Gene Kim was on Dave Farley’s podcast, and he said that if you want to move really fast, you need a feedback and a control system to make sure you don’t go off the rails. AI coding agents move fast. The faster they go, the more variation in their output and the greater the need for controls. This is why I think Deming still matters and especially more so with AI — quality has to be built into the process, not inspected in afterward.

On the QA team, we used SPC to study test execution rates and discovered a signal: testers would go from executing plenty of tests per day to zero — stuck redoing their test cases. That special cause variation pointed us to the metric that mattered most: hypothesis confirmation time, how long it takes a tester to confirm whether their test case is correct by running it against the code. The DSL based solution we built to reduce that time — from months to hours — is the same one I now use with Claude to reduce it further to minutes.

Before AI

The journey to reduce hypothesis confirmation time was evolutionary — each improvement revealed the next bottleneck.

First, we automated the creation of test automation from the test cases (jidoka), eliminating the time spent on manual test execution. Then we mistake-proofed how test cases were written (poka yoke) to reduce rework. This led to the development of a DSL editor and Maven plugins — a platform where tests were written so clearly that a computer program could generate the test automation code. The test automation developers had effectively automated themselves out of the job of coding. Instead of a tester asking a test automation developer “can you automate this for me?”, that role was replaced by an API and a set of services. If a tester couldn’t create their test automation within 15-20 minutes, they’d escalate and a test automation developer would fix the platform — not write the automation for them.

With the platform in place, we could run the QA tests earlier — verification tests during development, with validation tests still run later. One developer worked side by side with a tester in her dev environment. Every couple of hours, the tester would prepare the next small batch of tests and the developer would prepare the next chunk of code. They’d run it together in seconds and make a plan for the next batch. The developer delivered her code to QA later than the other developers, but she had virtually no bug fixes and test execution was completed earlier. The hypothesis confirmation time went from months — waiting until QA to discover if the test cases and code were correct — to hours.

Why focus on this metric? Because the variation we studied showed that the biggest disruption was when testers went from executing plenty of tests per day to zero — stuck redoing their test cases. The platform didn’t just speed up execution; it shortened the feedback loop so that hypotheses were confirmed before errors could compound.

After AI

Before we had AI, we already had proof that a developer with the right tests and a debugger didn’t need much else.

On the QA team, a complex new feature was given to a junior developer with about a year of COBOL experience because the team was under-resourced. Everyone expected disaster: broken builds, defects in everyone else’s work, senior developers pulled away to review and fix things. None of it happened. He let the tests drive his code changes — running them first to identify which parts of the code were affected, then only changing enough to make each test pass. Senior developers reviewed and refactored his work afterward but didn’t have to write the code for him. He needed a debugger and the tests. That was it.

This inspired me to have Claude Code go through the same process. The “Before AI” section described no-test-dev — testers generating their own test automation without a test automation developer. This section is about no-dev — Claude generating the main code without a developer.

Darmok puts the junior developer’s process into a loop. It iterates through a sequence of test cases going through the red-green-refactor cycle for each one:

Red: Test automation is generated from the DSL using model-based code generation — no AI needed
Green: Claude is given the failing test along with similar passing tests and told to fix it, only modifying main code
Refactor: Claude removes duplication, guided by the patterns in the markdown files

Just like the junior developer, Claude works best when given one failing test at a time with similar successful tests as reference. If given too many tests at once, it bounces between failures without fixing anything — the same way any junior developer would struggle if handed an entire project at once instead of debugging one test at a time.

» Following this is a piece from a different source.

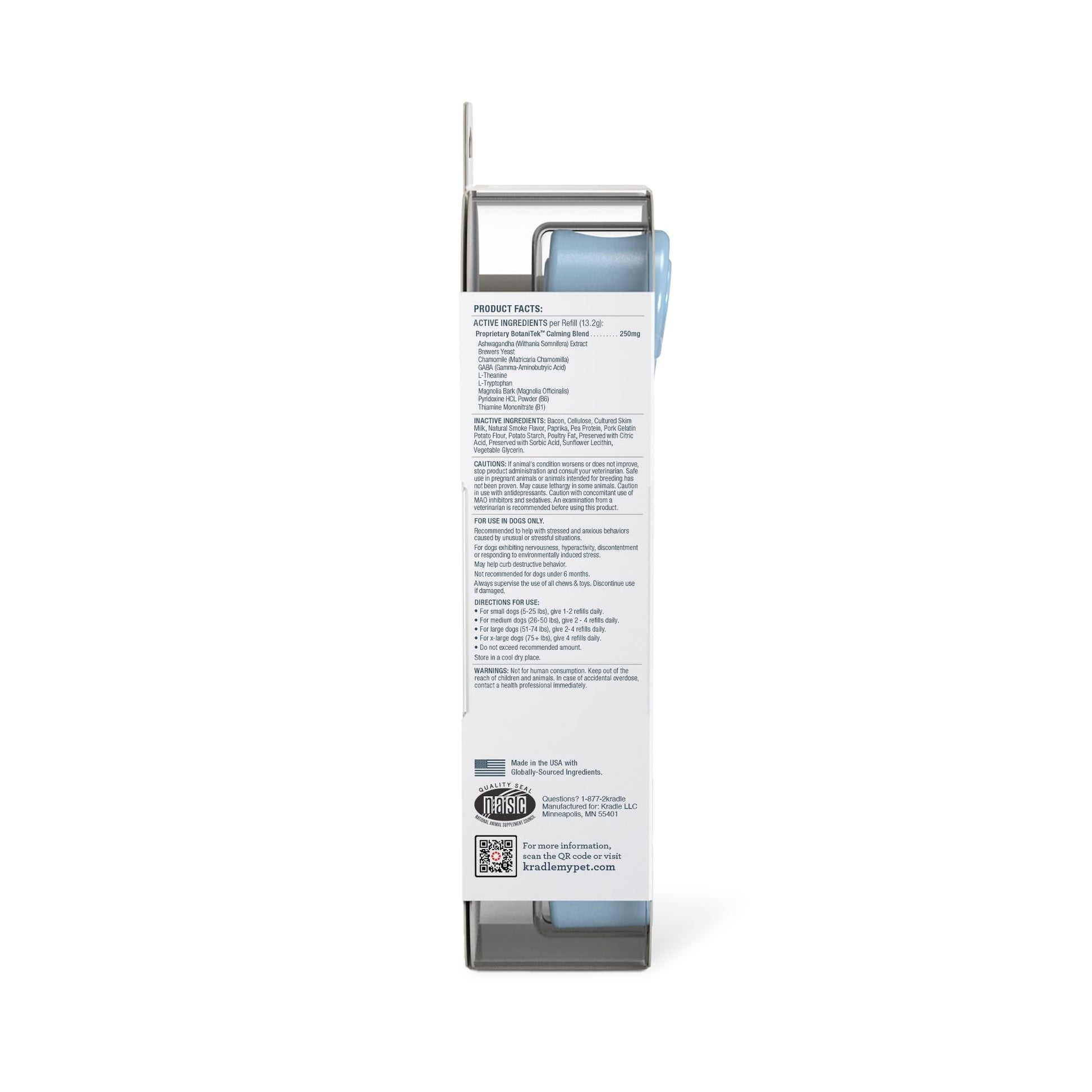 SOOTHING OCCUPYING TOY: Durable, refillable hard nylon bone will keep your dog entertained and happy while calming them with a bacon flavored hard calming chew.

The order and size of the test cases matter too. Tests sequenced so that each is slightly different from the previous one result in smaller code changes, less variation, and faster cycles. When I’ve experimented with random ordering or large jumps between test cases, it can take almost 15 minutes per test compared to the average 4 minutes. I suspect there’s common cause and special cause variation to study here — some short tests take longer than long ones, and understanding why could feed back into improving the test sequence or the examples Claude uses.

Why Deming Still Matters

Deming’s core insight was that you don’t improve quality by inspecting harder — you improve it by reducing variation in the process itself. That’s what we did before AI with SPC, jidoka, poka yoke, and JIT. And it’s what Darmok does now: controlling the sequence, size, and similarity of test cases to reduce variation in Claude’s output. The approach scales because it’s built into the process, not bolted on as inspection afterward.

Your QA team are the key supporting characters in this story. Most of the work they do around inspection is non-value added and easier to automate. Automating that work creates space for them to learn and pay it forward. Even if your devs can write the tests themselves like I can, you probably don’t want your technical resources doing non-technical work. I’d rather a tester work with the business analysts to write the specifications while I focus on reducing the variation — basically being an industrial engineer like Ohno. The faster the system moves, the more you need that feedback and control system Gene Kim described. Deming’s approach gives you one.